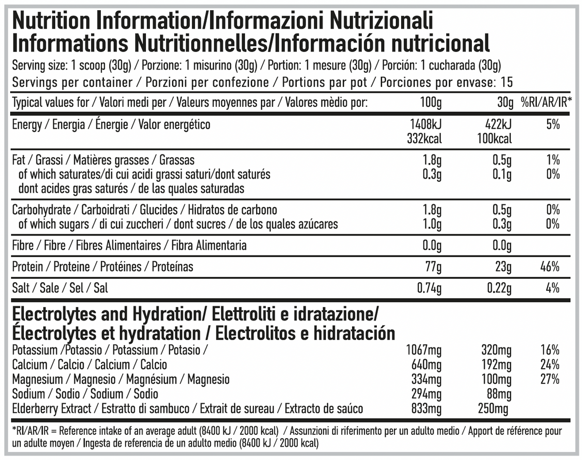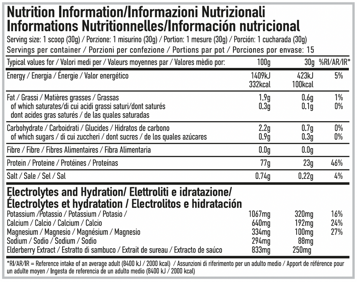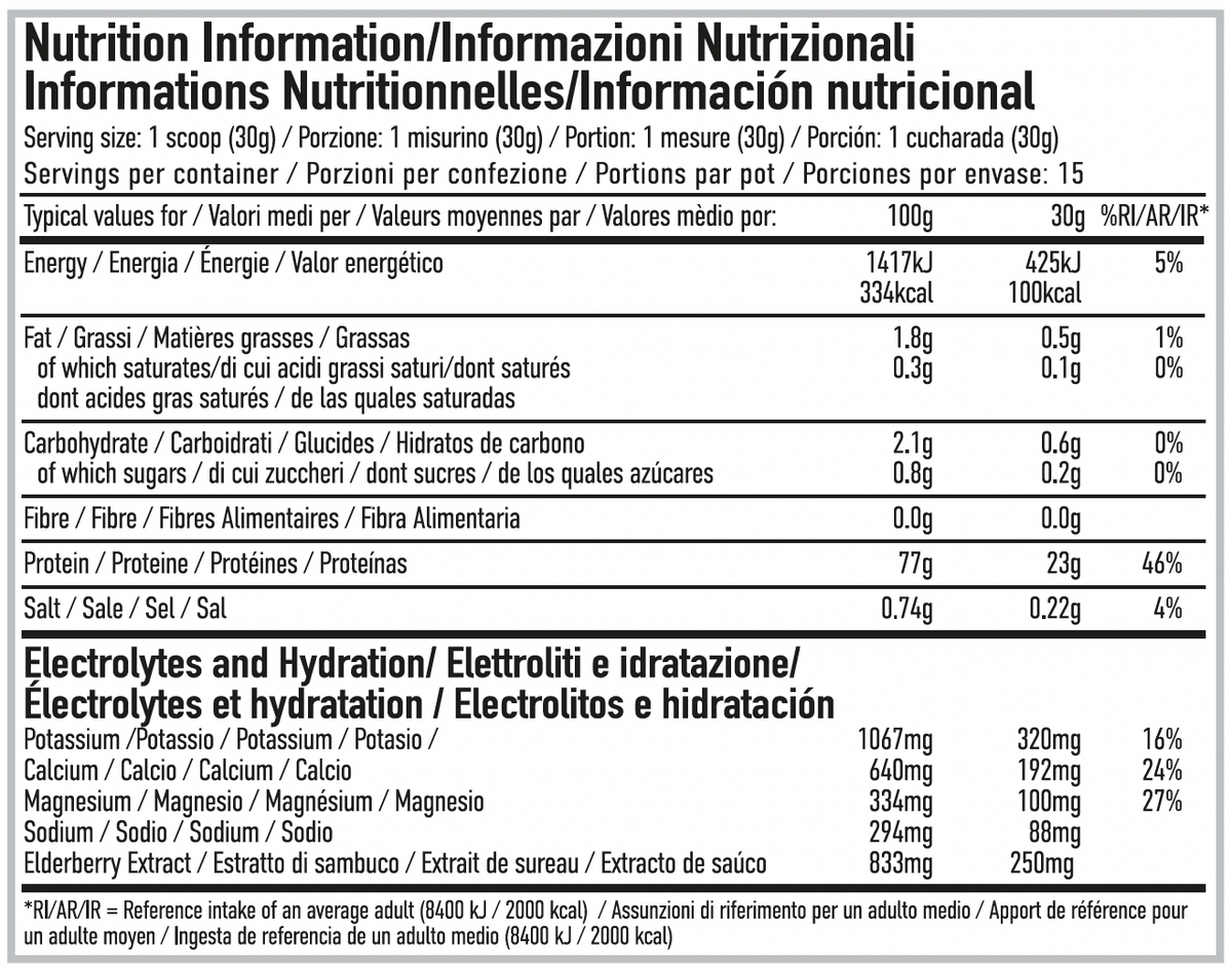 Each 30g serving delivers 23g of premium whey isolate protein with a full amino acid profile, plus added magnesium, potassium, calcium and sodium to aid electrolyte balance and muscle function. With zero heavy aftertaste, this clear, fruit-inspired shake is ideal when you want results without compromise.
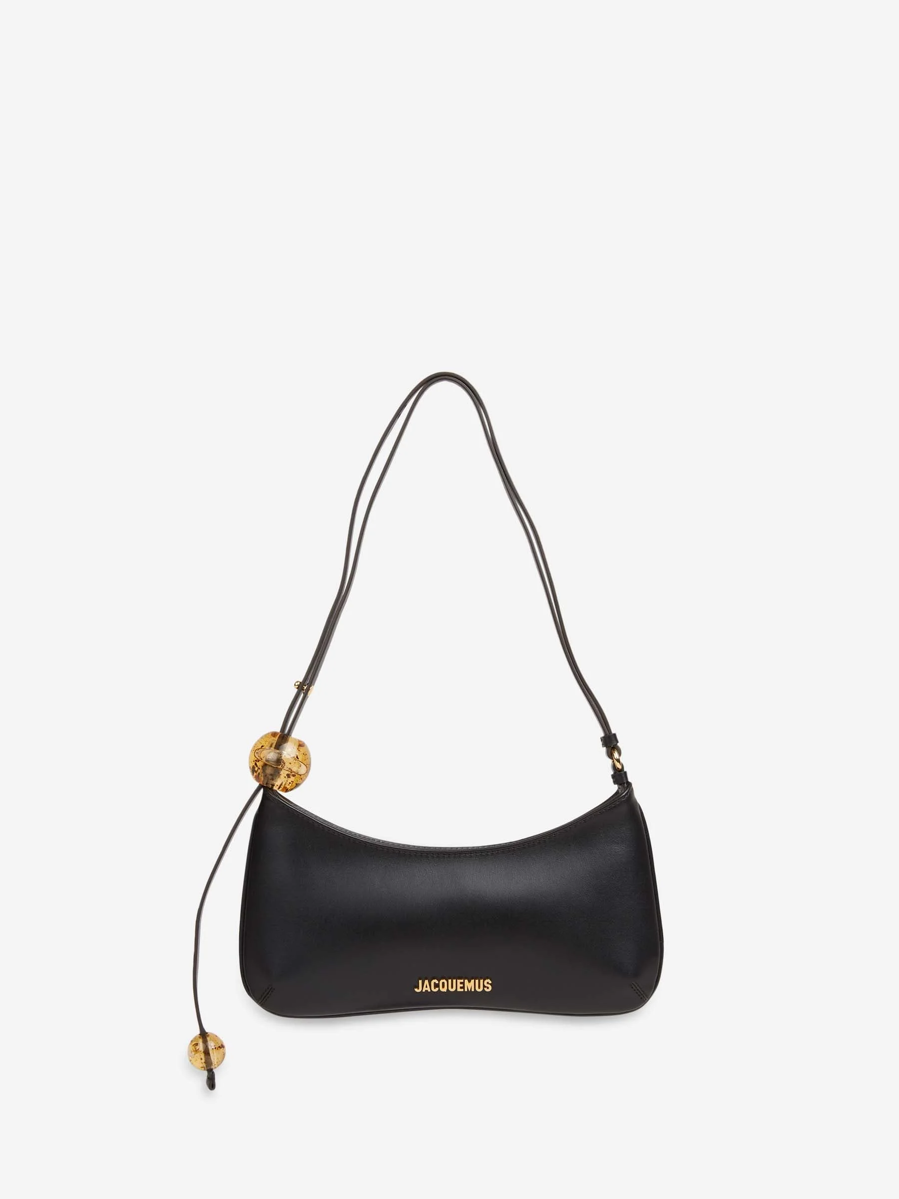 SKU: 814-000097 01 BRAND ID: BAW00057AC01C01 Bag By Jacquemus • Shoulder bag • Made of smooth leather • Leather strap with adjustable buckle and large beads • 27 x 10.5 cm • edged profile • Overlay interior pocket • Metal parts and gold metal logo • Zipper closure • edged profile • Made in: Italy
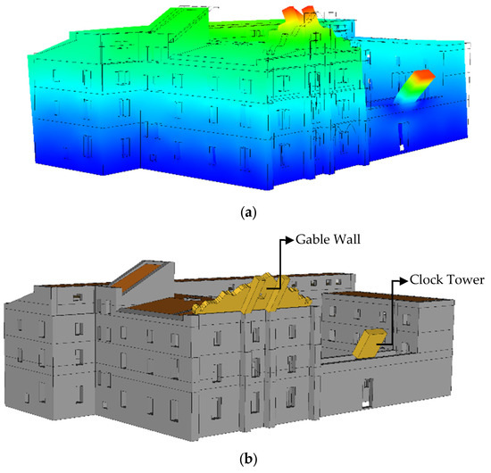 Out-of-plane failure mechanism: (a) Identification of vulnerable areas using modal analysis; (b) Kinematic block of the gable wall and clock tower.

--- --- ---

Task directions -> Copy out every line of the data exactly, leaving the images behind.

Exercise result ->
 Each 30g serving delivers 23g of premium whey isolate protein with a full amino acid profile, plus added magnesium, potassium, calcium and sodium to aid electrolyte balance and muscle function. With zero heavy aftertaste, this clear, fruit-inspired shake is ideal when you want results without compromise.
 SKU: 814-000097 01 BRAND ID: BAW00057AC01C01 Bag By Jacquemus • Shoulder bag • Made of smooth leather • Leather strap with adjustable buckle and large beads • 27 x 10.5 cm • edged profile • Overlay interior pocket • Metal parts and gold metal logo • Zipper closure • edged profile • Made in: Italy
 Out-of-plane failure mechanism: (a) Identification of vulnerable areas using modal analysis; (b) Kinematic block of the gable wall and clock tower.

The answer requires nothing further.